November 13, 1997 | Read Time: 3 minutes

A small number of non-profit groups have found a controversial way to get around the strict limitations on electioneering that the federal government places on charities and advocacy organizations.

The organizations are relying on a pair of Internal Revenue Service rulings (Letter rulings 9725036 and 9652026) that allowed two advocacy groups set up under Section 501(c)(4) of the Internal Revenue Code to form separate political funds to finance voter-education initiatives under Section 527 of the tax code. Section 527 is the same part of the tax code that governs political parties and political advocacy committees.

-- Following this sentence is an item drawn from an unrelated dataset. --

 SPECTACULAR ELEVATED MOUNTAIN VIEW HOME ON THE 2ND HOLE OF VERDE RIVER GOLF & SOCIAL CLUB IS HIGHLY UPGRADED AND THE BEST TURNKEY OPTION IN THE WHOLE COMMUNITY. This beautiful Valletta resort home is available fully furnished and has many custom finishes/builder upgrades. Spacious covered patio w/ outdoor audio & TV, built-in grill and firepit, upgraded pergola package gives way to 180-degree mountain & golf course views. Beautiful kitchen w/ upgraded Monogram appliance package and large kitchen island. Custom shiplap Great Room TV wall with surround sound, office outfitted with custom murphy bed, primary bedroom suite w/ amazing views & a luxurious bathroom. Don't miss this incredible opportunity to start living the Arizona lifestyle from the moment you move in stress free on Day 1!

Advocacy groups are allowed to do more lobbying than are charities, which are classified under Section 501(c)(3), but they have often felt stifled in their abilities. Unlike charities, they cannot offer donors the right to claim a deduction for their gifts, so they sometimes have fund-raising difficulties. To be able to attract donors and still do advocacy work, many organizations have two branches — one classified as a charity and one as an advocacy group — and then divide up their finances and programs in accordance with restrictions on the two types of groups. But neither kind of organization is allowed to devote all of its efforts to political work and must still avoid overtly partisan ties.

The new I.R.S. rulings are seen by some observers as a way to get around the disadvantages of being an advocacy group — the restriction on partisan activity — while still maintaining powerful benefits. As some lawyers and non-profit groups interpret the rulings, Section 527 groups can offer big donors a break on gift taxes, which contributors would have to pay if they provided an advocacy organization $10,000 or more in a year. (Donors can give $600,000 to Section 527 organizations before the gift tax takes effect.) What’s more, say some non-profit lawyers, just like charities and advocacy groups, such organizations do not have to report the names of their contributors to the federal government or any other entity.

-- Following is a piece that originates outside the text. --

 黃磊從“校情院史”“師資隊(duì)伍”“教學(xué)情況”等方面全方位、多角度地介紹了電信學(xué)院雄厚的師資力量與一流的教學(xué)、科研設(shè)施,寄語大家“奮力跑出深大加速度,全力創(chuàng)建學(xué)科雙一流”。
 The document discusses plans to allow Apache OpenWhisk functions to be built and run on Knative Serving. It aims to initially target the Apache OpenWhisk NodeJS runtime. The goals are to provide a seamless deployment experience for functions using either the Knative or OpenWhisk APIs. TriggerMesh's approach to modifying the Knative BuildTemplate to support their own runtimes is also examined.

There is a catch for the Section 527 organizations. While they don’t have to worry about the I.R.S. stringently regulating their political activities, they do have to consider another federal regulator — the Federal Election Commission. Some observers say groups that have changed from advocacy-group status to Section 527 should be subject to the commission’s rules limiting or prohibiting certain kinds of political work. The commission also expects to be told the names of donors.


But organizations that have adopted the Section 527 classification say that is not the case: They say as long as they don’t explicitly promote a candidate or party, they don’t have to submit to the commission’s regulation.

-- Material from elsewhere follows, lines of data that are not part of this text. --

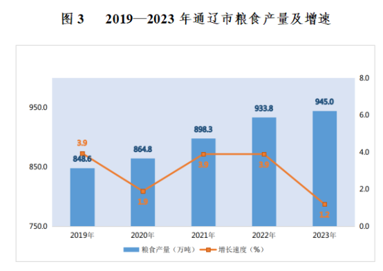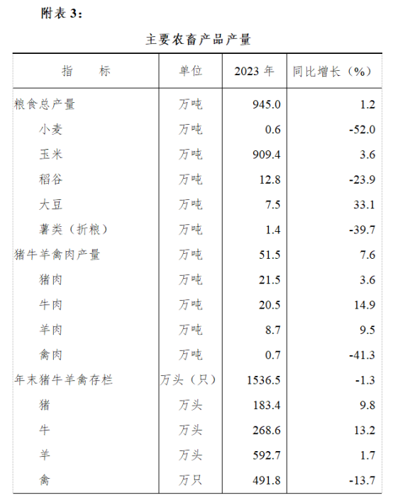 全年糧食作物播種面積126.2萬公頃,比上年增加0.3萬公頃,增長0.2%。其中,玉米播種面積116.6萬公頃,比上年增加3.8萬公頃,增長3.4%;稻谷播種面積1.6萬公頃,比上年減少0.5萬公頃,下降25.3%;小麥播種面積0.1萬公頃,比上年減少0.1萬公頃,下降49.5%;高粱播種面積1.0萬公頃,比上年減少1.1萬公頃,下降52.2%;蕎麥播種面積0.1萬公頃,比上年減少0.2萬公頃,下降57.3%;大豆播種面積4.3萬公頃,比上年增加1.5萬公頃,增長51.2%。
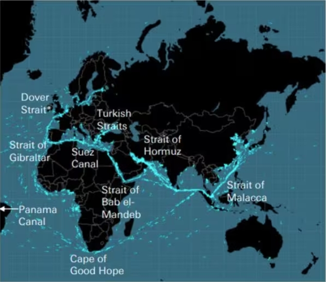 Хотя океаны покрывают большую часть поверхности Земли, большинство товаров, поступающих в международную торговлю, в какой-то момент проходили через семь узких мест и/или мыс Доброй Надежды. Взрывной рост в Азии привел к отправке через них все большего количества товаров.
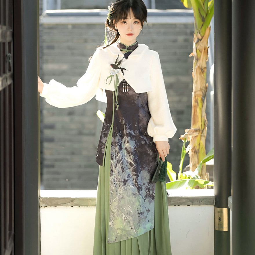 トップスとスカートがセットになったチャイナドレスのセットアップです。
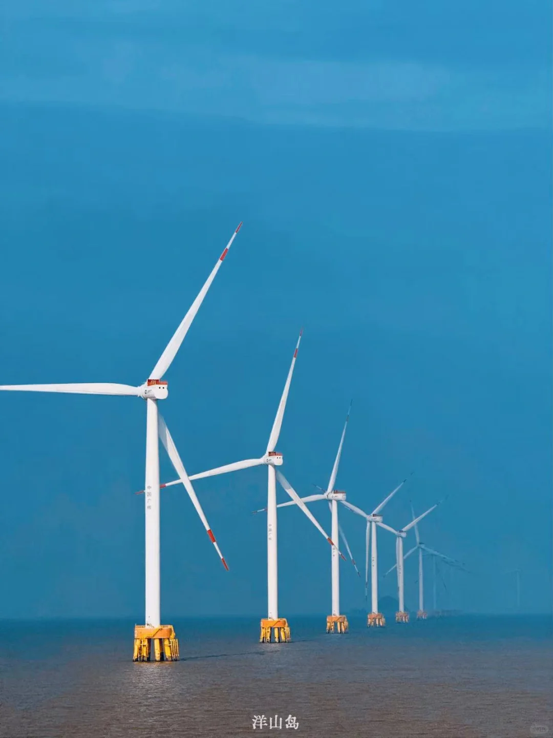 ▪️【海上发电风车】向海边眺望,巨大的风叶在微风中旋转,这里是亚洲首座海上风电场,拥有34座海上风电机🪁
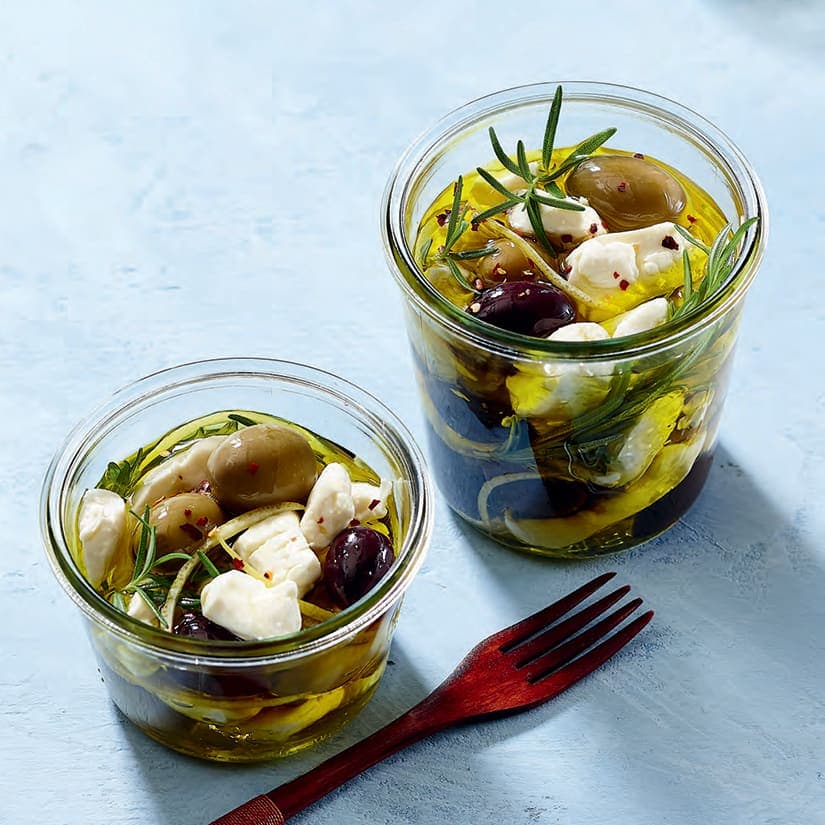 Fromage en grains et olives marinés au romarin

Some experts see the new Section 527 approach as a way to prevent disclosure of political contributions. But others disagree.

Among them are: Citizens for Reform and Citizens for the Republic Education Fund. The two groups raised $2-million to $3-million to pay for advertisements in 1996 Congressional races.

Mark Braden, a Washington lawyer who has worked with those organizations, said adopting the 527 status was not intended as a way to escape scrutiny of both the Internal Revenue Service and the Federal Election Commission. “I’m not sure there’s any advantage” to the 527 status, Mr. Braden said. “The reality, from my point of view, is, What’s the difference? You’re filing a different form number.”